Rovio is the latest example.  Peter Vesterbacka said Rovio thinks big and global. They want to become the next Disney, so they’re building the Angry Birds franchise into movies, webisodes, theme parks, etc., like Disney did.  Recently, they launched a Star Wars version with Lucas Entertainment.

Minimum Viable Company What is the minimum you need to get started?  Initially, you can set up operations by traveling to the U.S. for up to 90 days to find an attorney, accountant, and a marketing/sales representative or manager.  Your marketing/sales rep can work from home.  If you want local visibility, you can rent a desk at one of the many incubators or accelerators, which charge around $300 to $400 a month for a desk and access to WiFi, conference rooms, and events.  Local startups can suggest the best deals.  Don’t waste your money on trying to look impressive.  Save your money for airfare and showing your product at the many local events.  Make sure to collect business cards and always follow up immediately to build your visibility and brand.  Think lean!

Professional Service Costs – Legal and financial advisers can be very expensive, especially for large firms that charge up to $500 or more per hour.  To minimize your costs, ask local entrepreneurs and professional associations who can recommend small firms or individual professionals, which can cost half as much. 

Marketing/Sales ExpensesThese costs are variable since everything is negotiable.  Although you can find marketing/sales reps willing to work for commission-only (success) fees, it’s easier to find a rep if you pay a retainer of $2,000 to $3,000 a month, plus sales commissions.  For startups, you can offer stock options, typically 1% to 10%, which can be “vested” (given) to the rep over four or five years.   Determining sales incentive programs is probably the most challenging since there is so many options mixing base salary, sales commissions and stock options.  Get advice from other entrepreneurs to get a feel for the incentive rates.  If you hire someone, there are plenty of HR (human resource) firms that can quote you current salary rates.  

Even for U.S. companies, finding and keeping great marketing/sales people is very difficult but U.S. professionals will work initially for less money if you have a great product/service and they have much freedom and autonomy to set marketing/sales strategies.

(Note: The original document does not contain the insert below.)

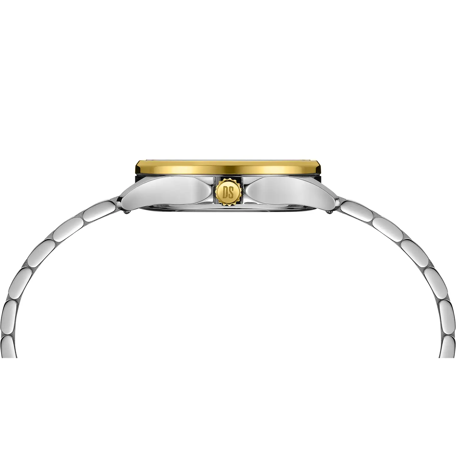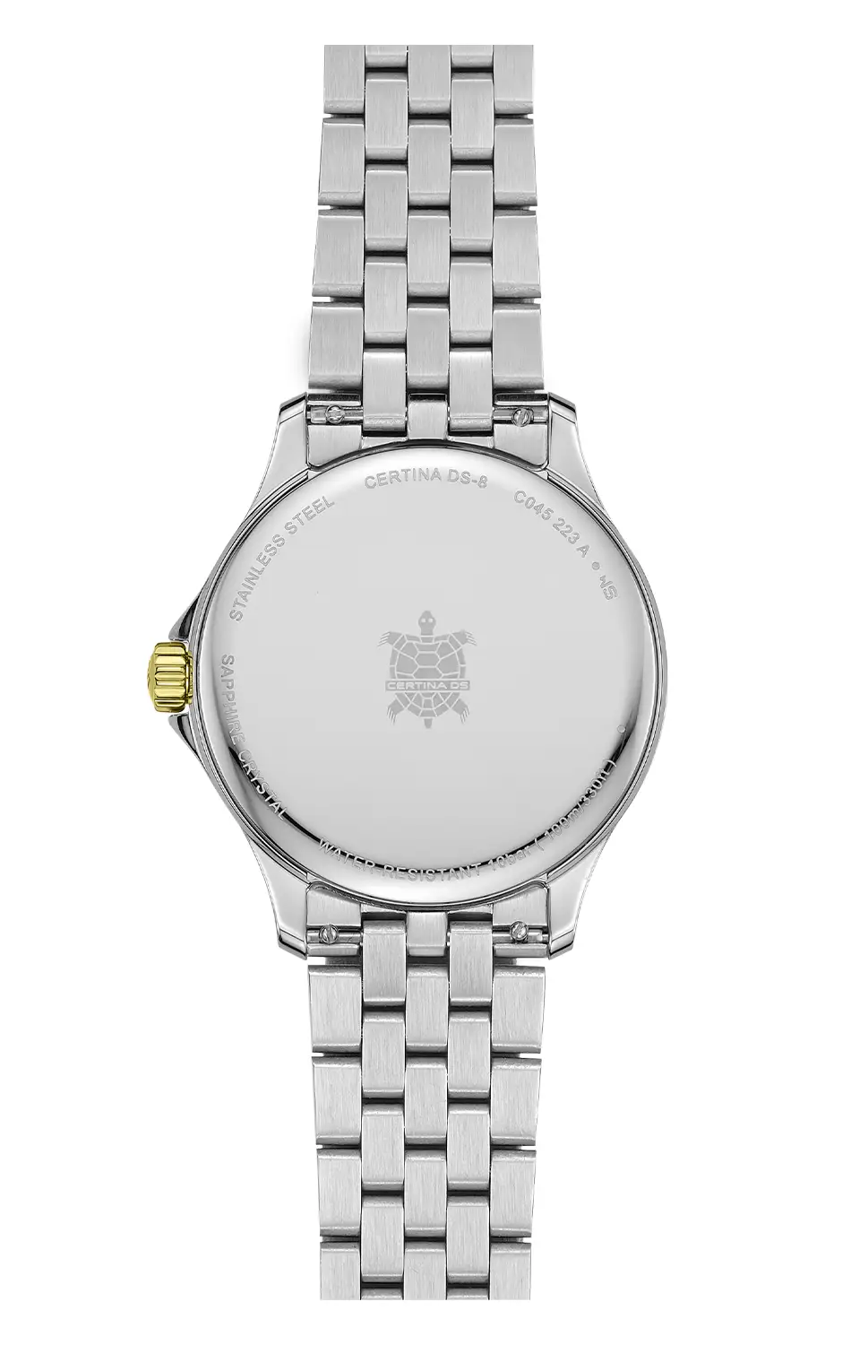 Pouzdro o kompaktním průměru 32 mm je vyrobeno z ušlechtilé oceli a spojeno s pevným pětiřadým náramkem se střídavě kartáčovanými a leštěnými články. Luneta a střední články náramku jsou pokryty povlakem PVD ve zlaté barvě, což dodává celku šperkový charakter, ale zároveň posiluje materiál. Safírové sklíčko s antireflexní vrstvou zajišťuje čitelnost v každých podmínkách a ocelové víko s charakteristickou želvou Certina připomíná odolnost systému DS. Patentovaný systém DS je doplněn vodotěsností do 100 metrů, díky čemuž zde jde elegance ruku v ruce s praktičností.

Important Qualities for U.S. SuccessListening carefully to local marketing/sales managers like Nokia initially did and acting boldly like Rovio are critical since U.S. companies are much louder, bolder, aggressive and fast.  Think of the U.S. like the Olympic Games; only the top teams win.  To survive, let alone thrive, you must listen, be bold and constantly innovate.  Avoid becoming smug like Nokia.  Complacency kills!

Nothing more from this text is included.